- The paper presents validated in-core performance models comparing throughput, latency, and Write-Allocate evasion for three state-of-the-art CPUs.
- It employs 416 benchmark tests and tools like OSACA and LLVM-MCA to quantify architectural strengths and address performance gaps.
- Results indicate Grace excels in scalar workloads, Sapphire Rapids optimizes vector throughput, and Genoa offers balanced performance for diverse HPC tasks.
An Analysis of Microarchitectural Comparison and In-core Modeling of Grace, Sapphire Rapids, and Genoa CPUs
The paper entitled "Microarchitectural comparison and in-core modeling of state-of-the-art CPUs: Grace, Sapphire Rapids, and Genoa" by Jan Laukemann, Georg Hager, and Gerhard Wellein presents a detailed analysis and performance modeling of three contemporary CPU architectures: Nvidia’s Grace CPU, Intel’s Sapphire Rapids, and AMD’s Genoa. Through rigorous examination, the authors offer insights into the differences and capabilities of these CPUs, thereby contributing to the broader understanding of their microarchitectural strengths and weaknesses.
Microarchitectural Analysis
Instruction Stream Throughput Prediction
The core of the paper lies in developing and validating in-core performance models for the CPUs in question. Utilizing the Open Source Architecture Code Analyzer (OSACA) and comparing it with the existing LLVM-MCA, the authors provide detailed performance models for each CPU. These models are crucial in predicting the throughput and latency of various instructions, which subsequently aids in identifying potential performance bottlenecks.

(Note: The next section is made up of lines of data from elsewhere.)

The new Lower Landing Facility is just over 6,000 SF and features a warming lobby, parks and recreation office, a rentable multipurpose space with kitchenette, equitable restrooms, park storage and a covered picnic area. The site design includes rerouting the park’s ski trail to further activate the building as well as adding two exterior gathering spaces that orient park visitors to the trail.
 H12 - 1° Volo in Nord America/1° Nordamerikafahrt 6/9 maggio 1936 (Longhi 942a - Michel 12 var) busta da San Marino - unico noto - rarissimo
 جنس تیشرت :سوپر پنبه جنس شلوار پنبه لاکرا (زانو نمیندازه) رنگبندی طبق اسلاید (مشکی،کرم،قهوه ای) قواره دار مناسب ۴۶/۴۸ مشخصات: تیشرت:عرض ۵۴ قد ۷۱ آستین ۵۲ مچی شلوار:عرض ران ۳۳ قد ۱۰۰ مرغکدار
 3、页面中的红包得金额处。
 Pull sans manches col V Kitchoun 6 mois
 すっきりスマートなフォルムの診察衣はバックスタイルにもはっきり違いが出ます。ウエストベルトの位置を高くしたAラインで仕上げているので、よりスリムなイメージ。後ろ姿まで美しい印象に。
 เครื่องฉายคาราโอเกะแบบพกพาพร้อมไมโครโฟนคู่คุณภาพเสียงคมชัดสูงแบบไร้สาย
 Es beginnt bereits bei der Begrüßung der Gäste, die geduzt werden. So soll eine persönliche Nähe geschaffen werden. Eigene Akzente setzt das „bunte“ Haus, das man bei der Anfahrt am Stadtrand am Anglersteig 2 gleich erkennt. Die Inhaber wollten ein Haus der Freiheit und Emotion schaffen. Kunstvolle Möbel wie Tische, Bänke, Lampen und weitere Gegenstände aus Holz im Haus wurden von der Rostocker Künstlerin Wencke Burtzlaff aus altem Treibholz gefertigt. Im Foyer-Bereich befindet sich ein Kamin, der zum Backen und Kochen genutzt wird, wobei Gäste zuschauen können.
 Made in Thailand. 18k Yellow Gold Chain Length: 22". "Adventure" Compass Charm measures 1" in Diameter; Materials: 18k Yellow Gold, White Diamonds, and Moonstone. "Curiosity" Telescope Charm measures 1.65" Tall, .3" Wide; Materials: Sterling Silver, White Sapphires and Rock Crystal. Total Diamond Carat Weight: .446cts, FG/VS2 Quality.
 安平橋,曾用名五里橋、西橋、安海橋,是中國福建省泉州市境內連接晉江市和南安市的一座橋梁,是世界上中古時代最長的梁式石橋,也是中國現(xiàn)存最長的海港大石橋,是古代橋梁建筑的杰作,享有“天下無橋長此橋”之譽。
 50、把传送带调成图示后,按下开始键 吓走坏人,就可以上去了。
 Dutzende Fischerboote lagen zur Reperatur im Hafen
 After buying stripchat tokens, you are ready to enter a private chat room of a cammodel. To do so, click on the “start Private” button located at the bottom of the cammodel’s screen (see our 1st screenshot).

The paper reveals detailed throughput and latency measurements for several double-precision instructions across the three architectures. For instance, the Golden Cove architecture (Sapphire Rapids) exhibits the highest throughput for vector instructions due to its substantial register width, while Neoverse V2 (Grace) demonstrates strength in scalar instructions due to high instruction-level parallelism (ILP). Conversely, Zen 4 (Genoa), with intermediate vector widths and ILP, shows balanced performance across different workloads.
Test and Methodology
The experiments were conducted on dedicated testbeds comprising two-socket servers for each CPU. Performance metrics such as sustained CPU clock frequency and memory bandwidth were scrutinized. Notably, the Grace CPU demonstrated a steady clock frequency of 3.4GHz across all workloads, which indicates robust performance.

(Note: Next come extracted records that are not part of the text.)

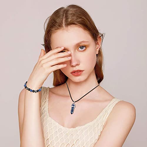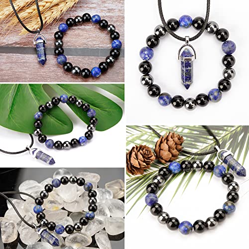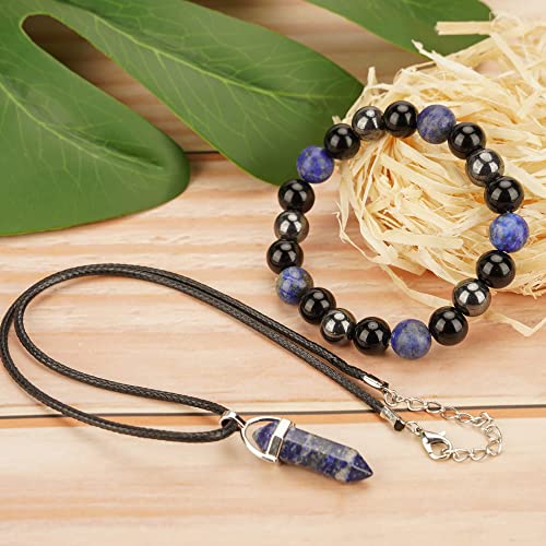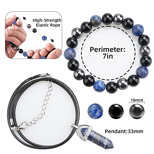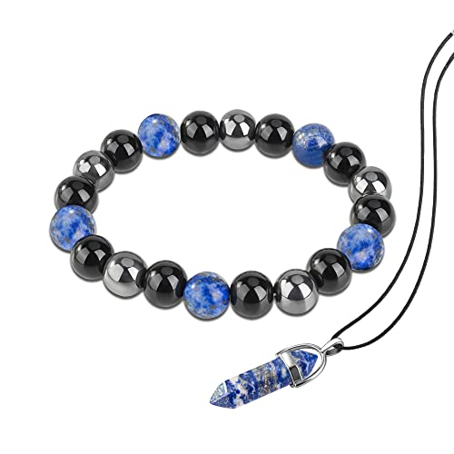 generic - سوار حماية ثلاثي من كريستال العقيق الطبيعي، مجموعة اساور وعقد عين النمر واللازورد والجمشت، سوار قابل للتمدد، مجوهرات كوارتز طاقة شاكرا للرجال والنساء (لازورد 10 متر)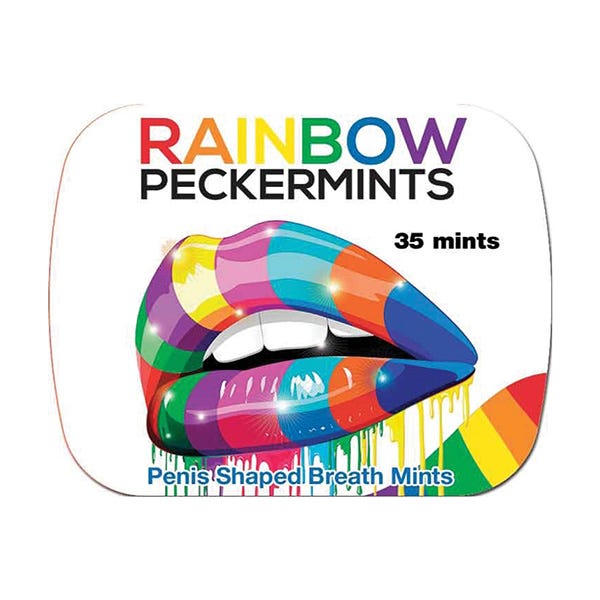 Add a colourful twist to your breath-freshening routine with some rainbow peckermints. These playful penis-shaped breath mints come in a convenient metal tin adorned with some juicy rainbow lips, perfect for on-the-go freshness. Pop one in your mouth and enjoy the refreshing burst of minty goodness. With their cheeky design and vibrant colours, they're sure to brighten your day.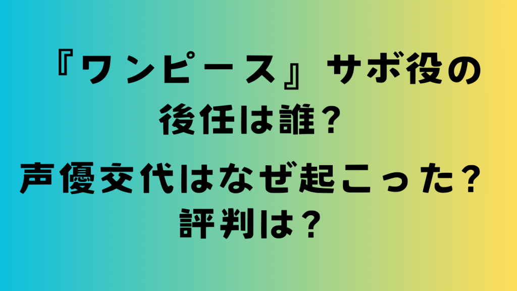 『ワンピース』サボ役の後任は誰?声優交代はなぜ起こった?評判は?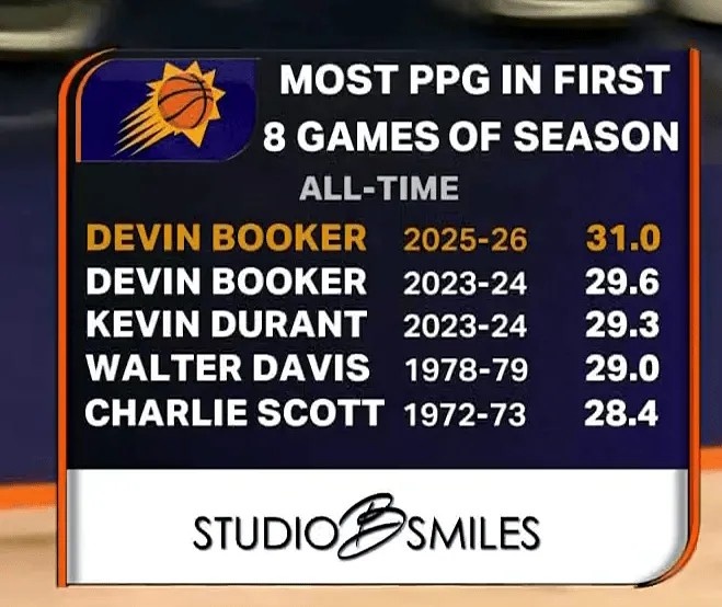 賽季前八場,布克場均砍下31分,是隊史開季前八場的最高場均得分。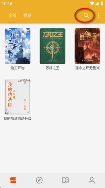 1、在本站内下载安装并打开软件,首页点击“搜索”按钮,输入书名,点击搜索结果进入阅读页。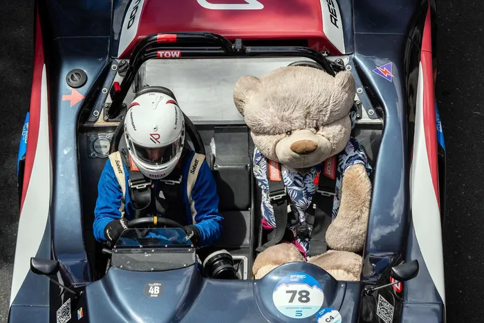 Lyle Ramsay and his "co-pilot" in the cockpit of his 2017 Harper T6 during last week's Speed Classic hill climb on Table Mountain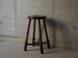 座面がやや小さく少し背が高めでスマートな印象の古い木製スツール。
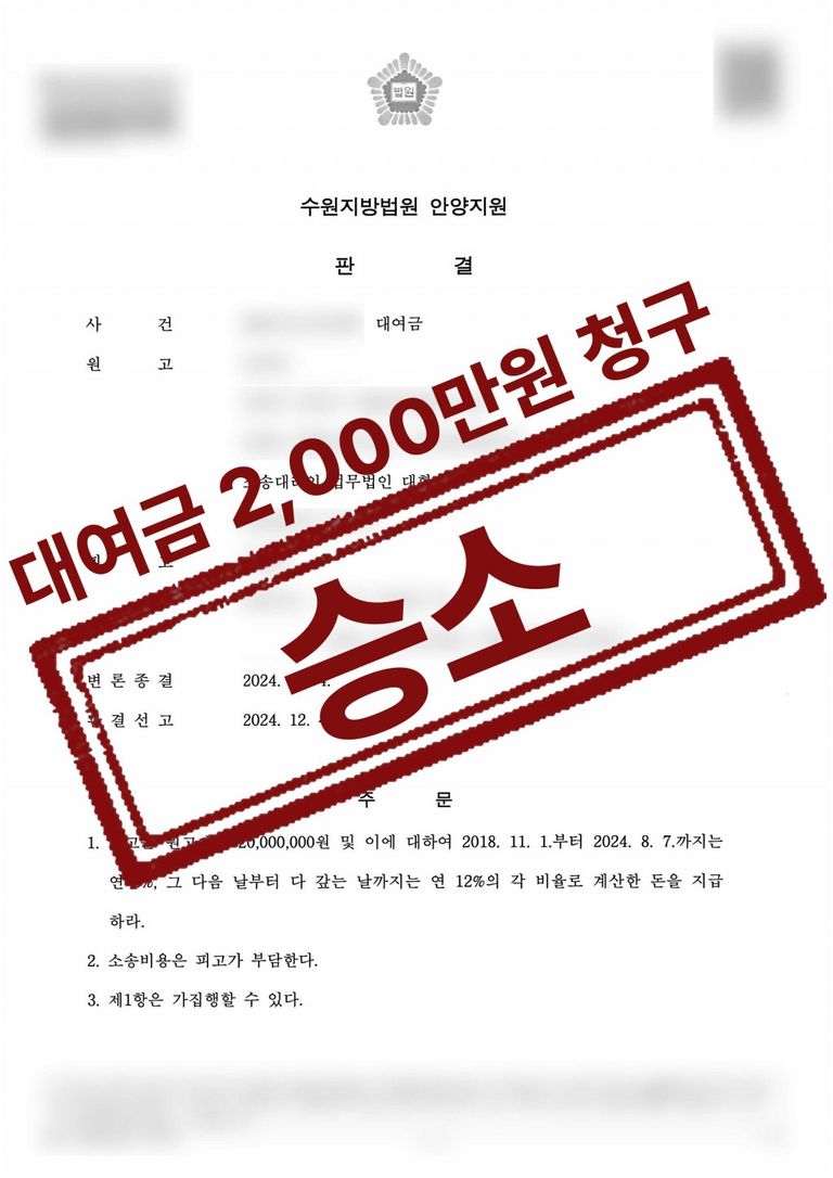 법무법인 대환은 사건 검토 결과, 차용증은 없었지만 돈을 빌려갔다는 메시지 기록과 언제까지 갚겠다는 내용 등이 기재되어 있었고, 은행 이체내역도 있었습니다. 많은 분들이 차용증이 없으면 잠적해도 못 받을 것이라고 생각하십니다만, 전혀 그렇지 않습니다. 위와 같이 명확한 증거들을 충분히 찾아낼 수 있으며 받아낼 수 있습니다. 결과적으로 대여금반환청구소송에서 2천만 원 전액과 소송비용을 피고가 부담하는 것으로 전부 승소하였습니다.

The authors leveraged 416 benchmark tests from various categories and optimization scenarios to validate their models. The average relative prediction error (RPE) was significantly lower in OSACA for the Neoverse V2 and Golden Cove architectures, suggesting a more accurate runtime prediction model compared to LLVM-MCA.
Write-Allocate Evasion
A notable feature examined in the paper is the Write-Allocate (WA) evasion. WA, typically encountered in cache-based systems, can be mitigated through special instructions or automatic detection mechanisms. The paper shows that while Sapphire Rapids and Genoa have mechanisms to reduce the WA traffic, only Nvidia’s Grace CPU can entirely avoid WA transfers automatically in certain test scenarios.

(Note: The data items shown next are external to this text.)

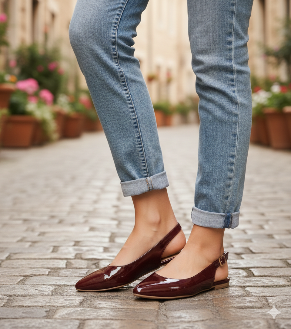 Elegancia líquida a tus pies. Nuestro modelo Vino Borgoña combina el brillo audaz del charol con la profundidad de un buen tinto. Es el zapato que no sabía que necesitaba, pero que no querrás quitarte.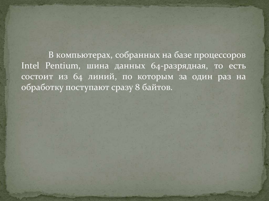 В компьютерах, собранных на базе процессоровIntel Pentium, шина данных 64-разрядная, то есть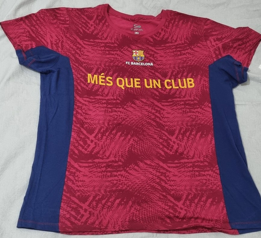 Bordo renkli, uzun kollu, bisiklet yaka erkek tişörtü, sentetik örme kumaştan olup FC Barcelona logosu ve "MÉS QUE UN CLUB" yazısı ile sportif ve sokak tarzı sunar.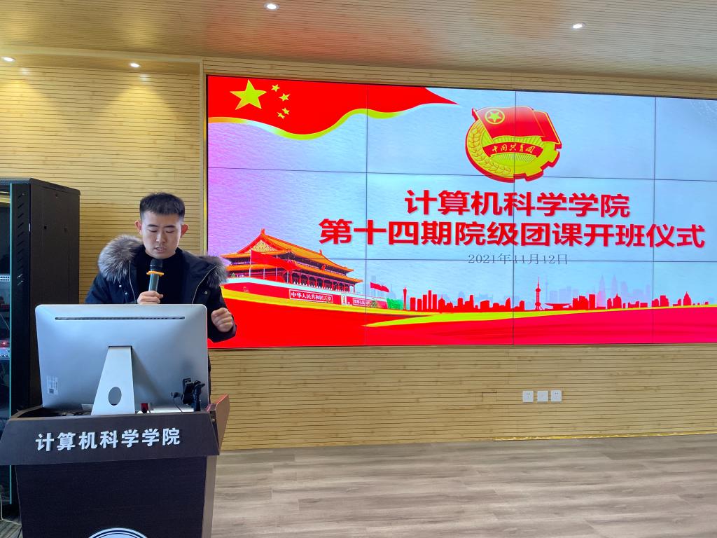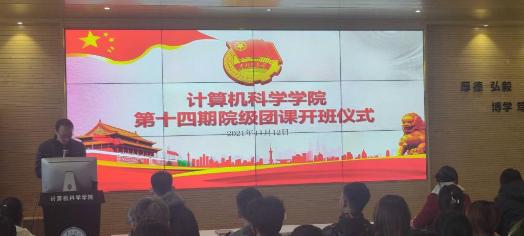 11月12日中午于笃行楼楼614举办了第十四期院级团课开班仪式。党委副书记周波、学工部主任朱瑾、团总支书记薛绍凡、18级辅导员朱成功、21级辅导员张鑫出席了本次活动。学院党委副书记周波致开班辞,他对本次团课主题作出了详细讲解,要求共青团员团干应当向党组织看齐,共青团员要不断求知、不断进步、不断学习,政治坚定、学习刻苦、作风扎实、品德高尚,做党的得力助手和后备军;强调了共青团干部应该以更高标准严格要求自己,起到模范作用,同时要把握机会,把干部工作视为锻炼自己的好机会,有效提升自身综合素质与能力,自觉维护共青团的荣誉,积极传播青春正能量。随后,薛绍凡老师上台宣读了本次团课学习安排和学习纪律,本次团课将采取集上授课方式,理论学习,为期一周。同时,也希望团员们能珍惜本次参加团课学习的机会,认真学习团的知识,树立远大理想,以全新的风貌投入到各个团支部、班集体的工作。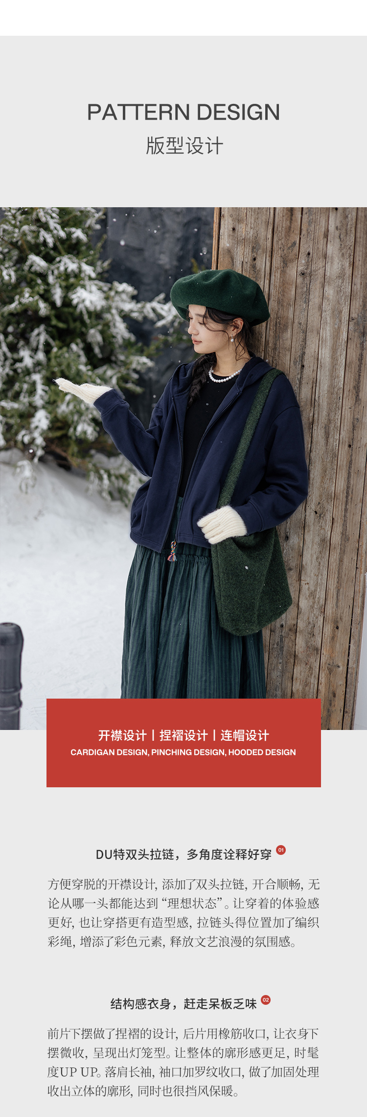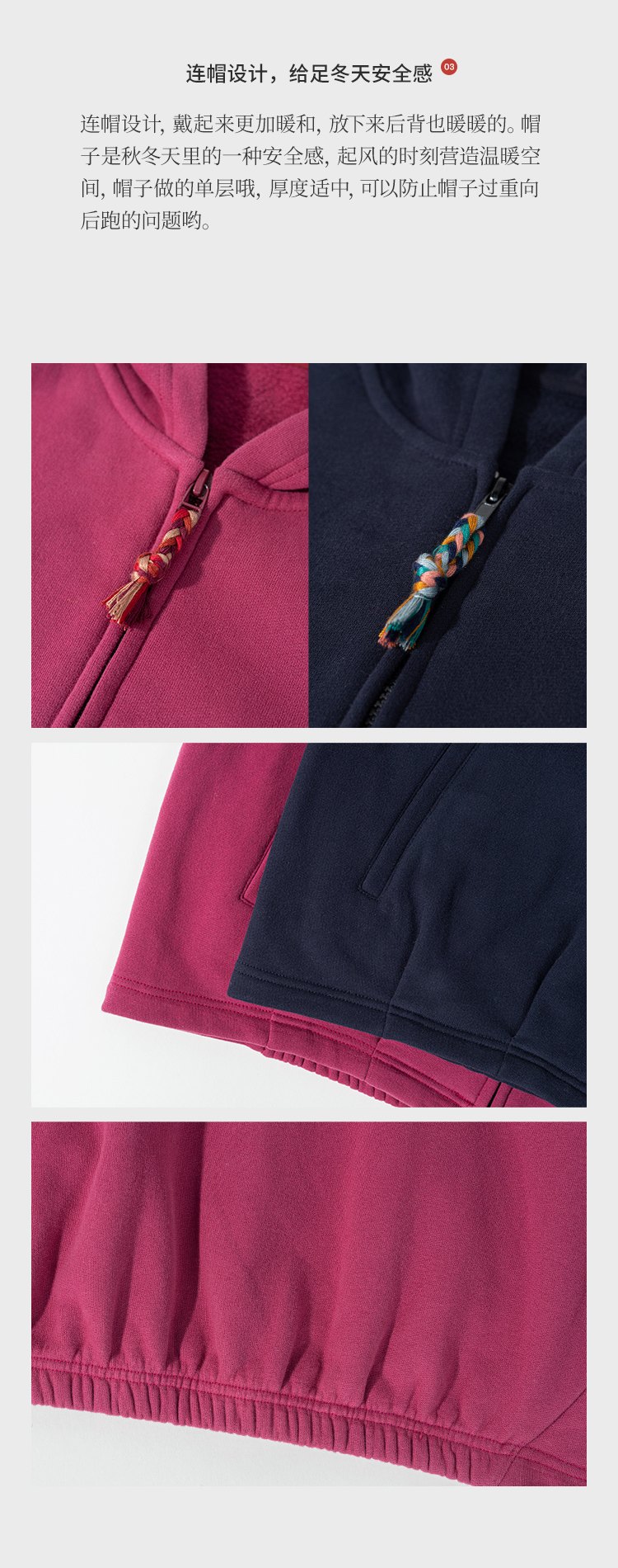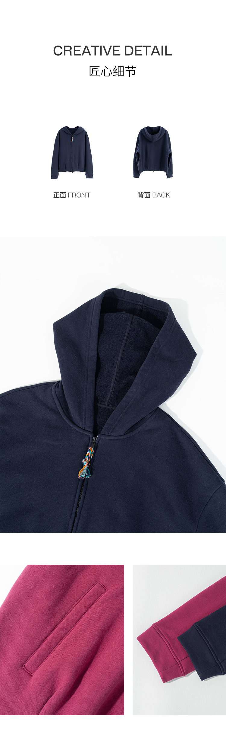 绽放876朵/结构感卫衣秋冬纯棉加绒开襟双头拉链宽松外套连帽上衣

Numerical Results and Performance
A comparative analysis of the sustained peak performance in terms of theoretical double-precision peak teraflops (Tflop/s) was performed. Genoa leads with 8.52 Tflop/s in theory but achieves 5.1 Tflop/s in practice, illustrating a performance-efficiency gap. Conversely, the Grace CPU achieves a closer actual performance to its theoretical peak, indicating better utilization of its hardware capabilities.
Implications and Future Directions
The findings elucidate that the Neoverse V2 architecture (Grace) offers high ILP and efficiency, making it suitable for scalar-heavy and non-vectorized workloads prevalent in data centers and AI applications. Meanwhile, Golden Cove’s wide registers benefit vectorized code, which is advantageous for high-performance computing tasks. The balanced nature of Zen 4 provides versatility across varied workloads.
This research holds significant practical implications for optimizing high-performance computing (HPC) applications, taking advantage of each architecture's strengths. The extended OSACA tool presented in this paper enables more accurate performance modeling, which can be utilized in broader node-wide performance models such as the Execution-Cache-Memory (ECM) model.
Future research could explore integrating these in-core models into node-level performance models to predict the performance of complex, real-world applications over large HPC clusters. This integration is crucial for orchestrating computational resources effectively and improving the performance-efficiency of data centers and HPC environments.
In summary, this paper provides a comprehensive comparison and in-core performance model of three state-of-the-art CPUs, revealing their architectural strengths and practical performance implications. The methodology and insights offered pave the way for further advancements in performance modeling and optimization in the field of high-performance computing.